Sanders stopped showing up as his political responsibilities grew, but when he did play, he was a vocal presence on the court. The testimonials from other players, via Carpenter:
“He wasn’t very fast.”
“He was crafty.”
“He had good elbows.”
“From mid-range, 10-15 feet he could kill you.”
“He sort of liked to be in charge, so there really nothing different in that,” laughs David Sharpe, the auto mechanic who ran his own shop in those days and is now a Vermont state legislator. “He would direct traffic and tell us who was goofing off.”

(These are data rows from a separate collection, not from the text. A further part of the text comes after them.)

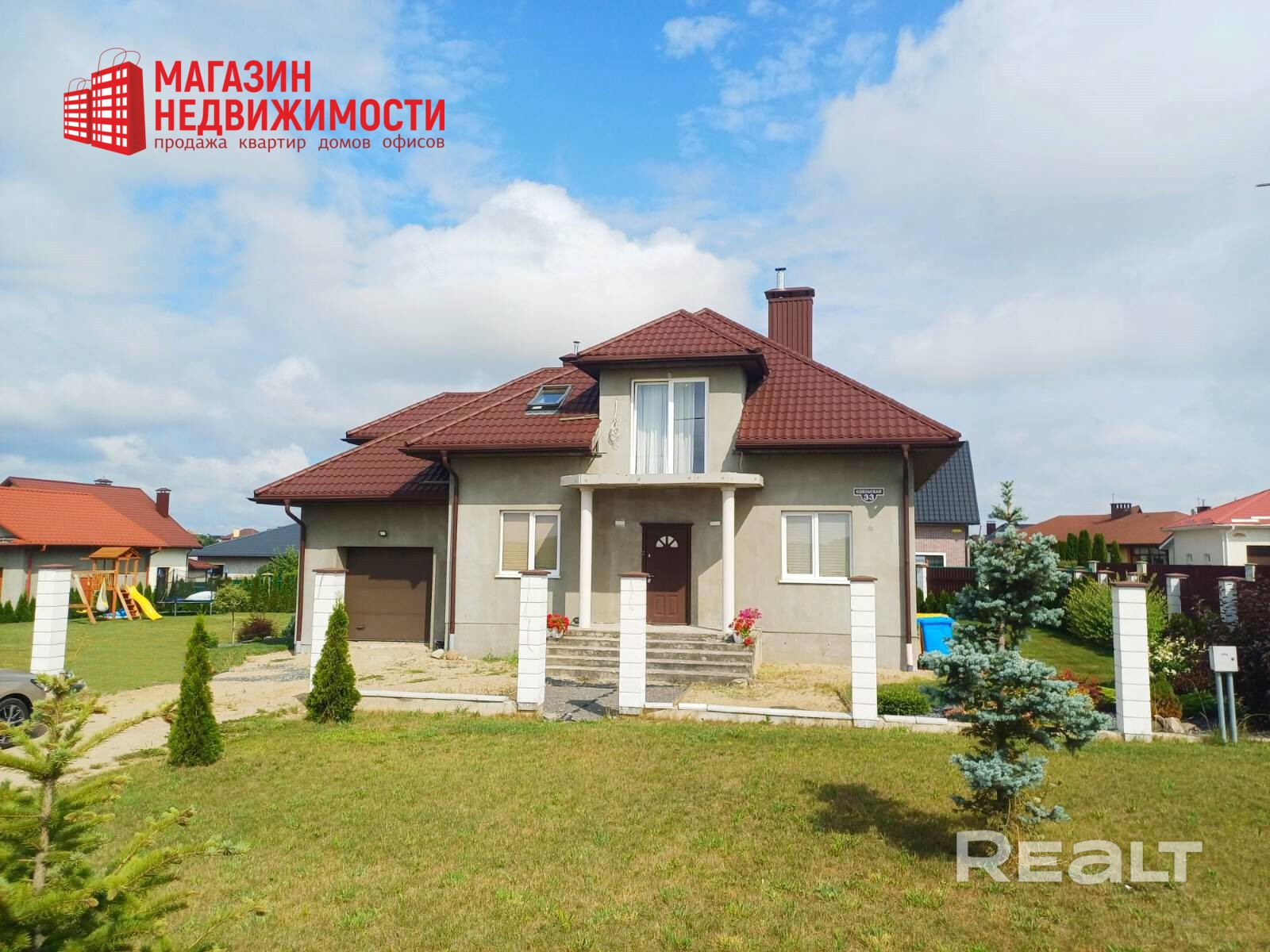 Участок огорожен по всему периметру . На участке расположены: декоративные зеленые насаждения, цветники, газон, детская игровая площадка, лаунж зона (зона отдыха).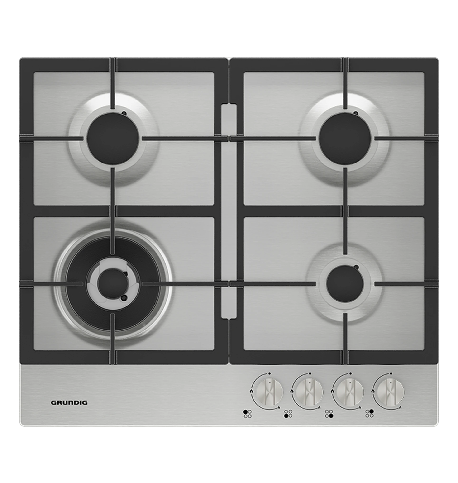 Встраиваемая варочная поверхность с 4 газовыми конфорками разной мощности. Варочная панель оснащена надежными и устойчивыми чугунными решетками и механическим управлением. В ручки газовой поверхности встроен автоматический электроподжиг конфорок, а сама панель защищена от утечки газа системой газ-контроля.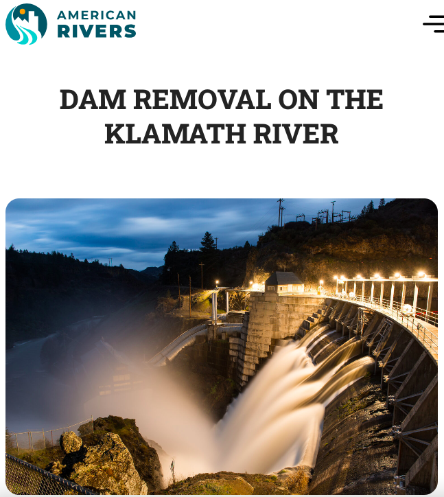 “We are about to witness healing on a major scale. Dam removal is the best way to bring a river back to life. The Klamath is significant not only because it is the biggest dam removal and river restoration effort in history, but because it shows that we can right historic wrongs and make big, bold dreams a reality for our rivers and communities.” Dr. Ann Willis, California Director, American Rivers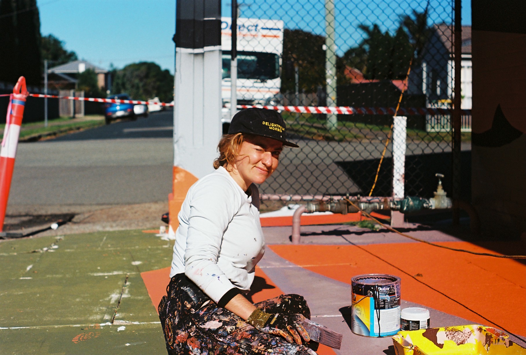 on the footpath the viewer can see a perfect circle painted over 7 different surfaces of the building. The “I get it” is an instant value exchange of between the viewer and the artwork. There is an inclusivity when people move their bodies around the space to make the circle line up. The viewer can shift around the space, either on foot, by bike or in a vehicle, manoeuvring from the view of a abstract shapes to a reveal a circle. This participation, over time, makes this a durational piece.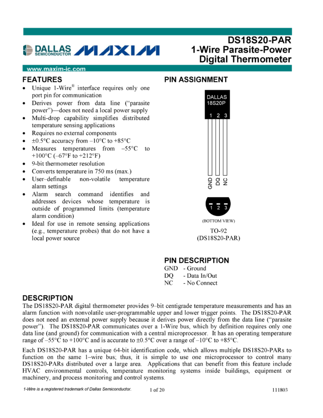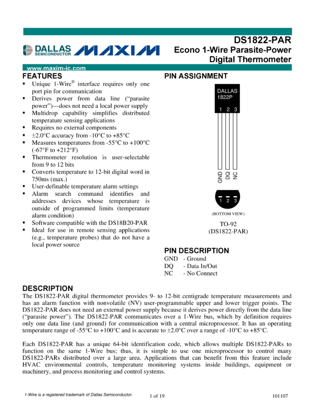 DS18B20-PAR 1-Wire Parasite-Power Digital Thermometer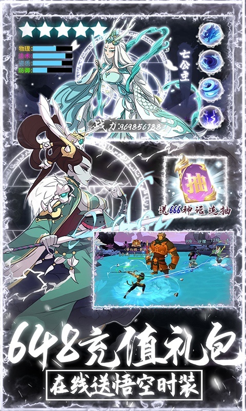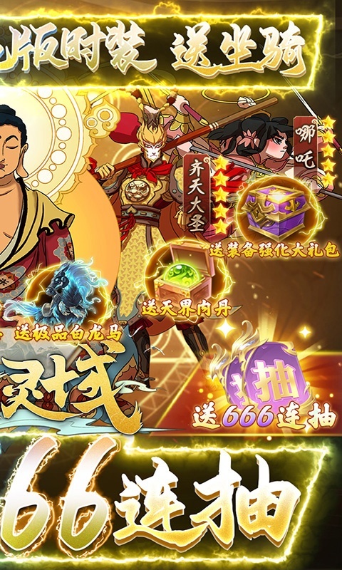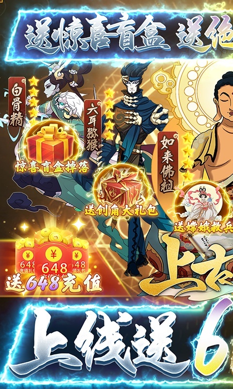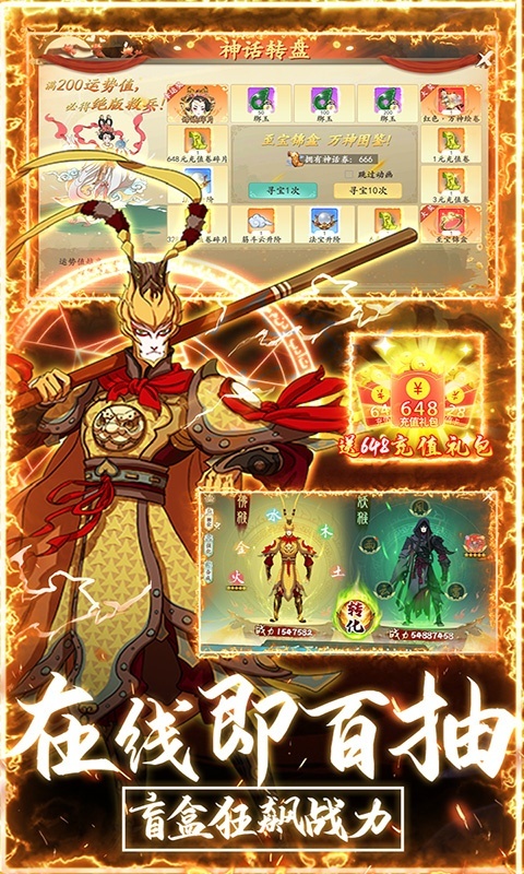 1.上线赠送vip6、648充值卡礼包、悟空金甲时装、极品坐骑、神话666抽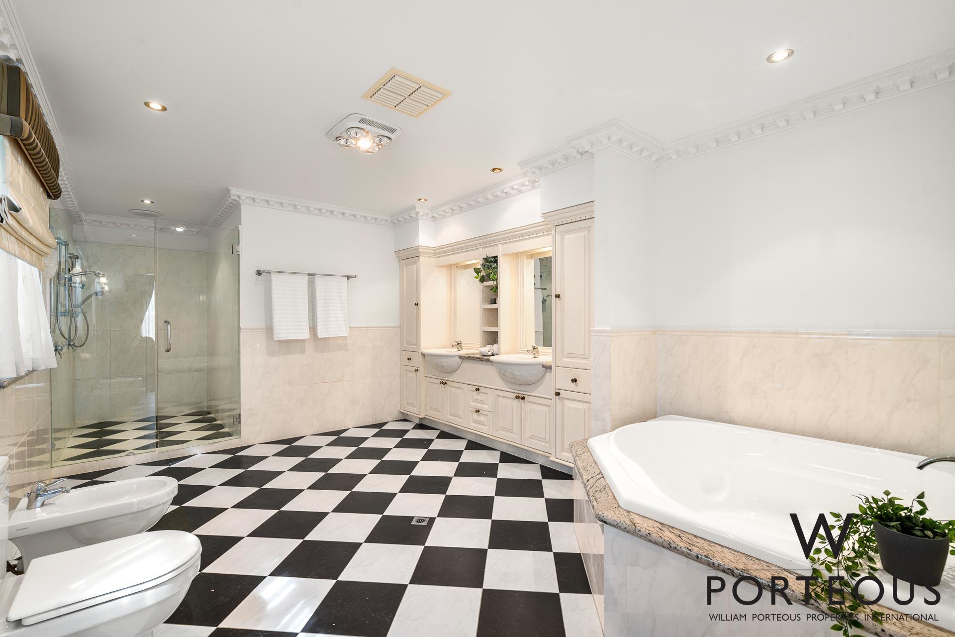 A brilliant feature of the home is the ground floor main bedroom suite. It is more than king size, with windows looking into the back yard, a very generous ensuite bathroom with twin vanities, WC, bidet, spa and separate shower. A walk-in dressing room completes the main suite.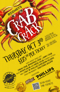 Join Rodney’s Oyster House and Phillips Brewing & Malting Co. while we get hands on and crack some crab. You will be welcomed with a pint of cold Implosion Pilsner from Phillips Brewing & Malting Co. before settling down to smash your way through three types of crab. Our West Coast Dungeness will be boiled in a Philips Implosion Pilsner bath, Jonah Crab will take on a Cajun spice, while the Snow Crab legs will be simply served chilled. Our salads will give you a protein break, and everything will be topped off with some gelato from our friends over at Righteous Gelato for dessert. Casual clothing recommended… $125 plus tax and gratuity per person. Please email bookings@rodneyscalgary.com if separate ticket purchases wish to be sat at the same table.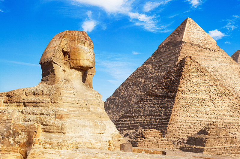 カイロ到着後は、エジプト観光の代表的なスポットであるクフ王のピラミッドなどギザの3大ピラミッドやスフィンクスへ。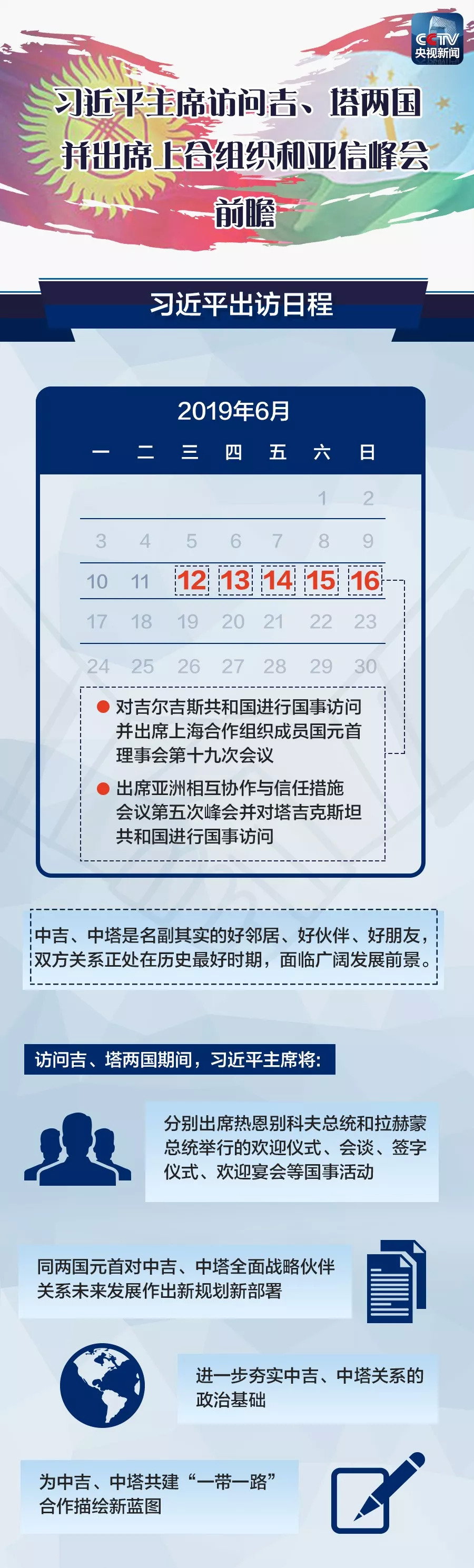 习近平主席将于6月12日至16日对吉尔吉斯斯坦、塔吉克斯坦进行国事访问并出席在比什凯克举行的上海合作组织成员国元首理事会第十九次会议和在杜尚别举行的亚洲相互协作与信任措施会议第五次峰会。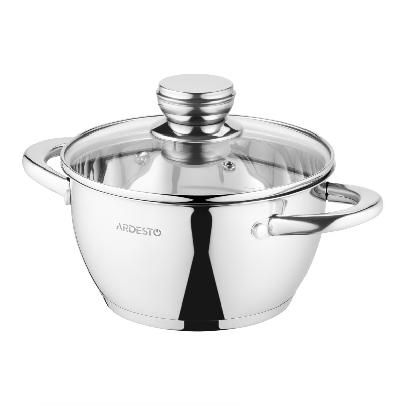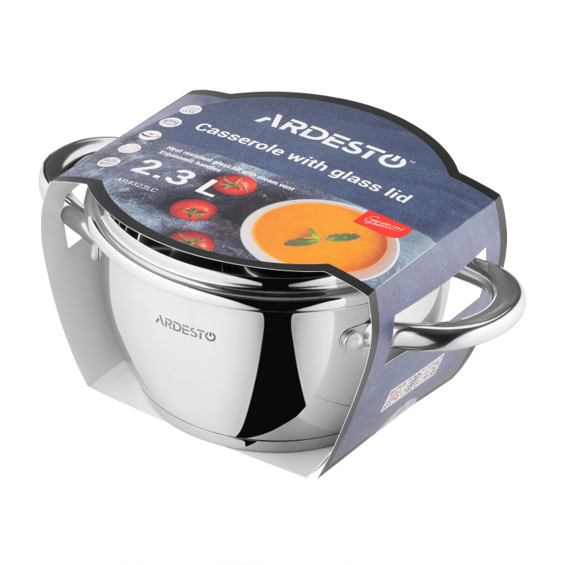 Каструля ARDESTO Gemini Lucca об’ємом 2,3 л – це практичний вибір для щоденного приготування страв, де важлива точність і надійність. Виріб виготовлено з нержавіючої сталі. Діаметр каструлі становить 18 см, висота 10 см, а товщина стінок 0,5 мм і дна 2,9 мм, що забезпечує рівномірне прогрівання без втрати тепла. Скляна кришка з отвором для пари дає змогу контролювати процес готування, не знімаючи її. З мірною шкалою всередині корпусу можна точно дозувати рідину. Руків’я з нержавіючої сталі зручно лежать у руці та залишаються холодними навіть за тривалого нагрівання. Каструля сумісна з усіма типами плит – газовими, електричними, склокерамічними, галогенними та індукційними. Виріб можна мити в посудомийній машині.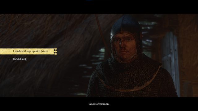 スピーチ、カリスマ、ドレッドなど、3つの話すスキルのいずれかを使用することで、より良い選択になると確信することを選択できます。ただし、パブレナが妊娠していることを知っている場合、Jakeshにこれが憎しみのサイクルを壊すように彼に説得することを伝える。彼は、パブレナの子供が良い生活を送ることができるようにするためにボズヘナを許し、さらに彼らを村に招待することさえあることを許すことに同意します。彼はまた、起こったことすべてに対して補償を提供します。

Despite his lack of speed, Sanders used everything in his arsenal to make his opponents respect his space, including his elbows:
He also knew how to battle on a basketball court. Aside from his jump shot the one thing people remember about his games were his elbows. They were bony and hard and hurt when they made contact with your ribs. And they seemed to find their way into the side of every player at one time or another.
“You didn’t want to run into Bernie because you would get an elbow,” Borger says. “Not intentional, but he would come down hard.”
Doubleday laughs as he recalls the players who, on occasion, found themselves knocked into the stage at one end of the court. More than a few of those, he says, may have been bumped there by Vermont’s future US senator. “He has long arms, I like to say he has ‘Kevin McHale arms,’” Doubleday says. “He would smack the ball away.”
Basically, Bernie Sanders’s game was similar to the pest that is Matthew Dellavedova.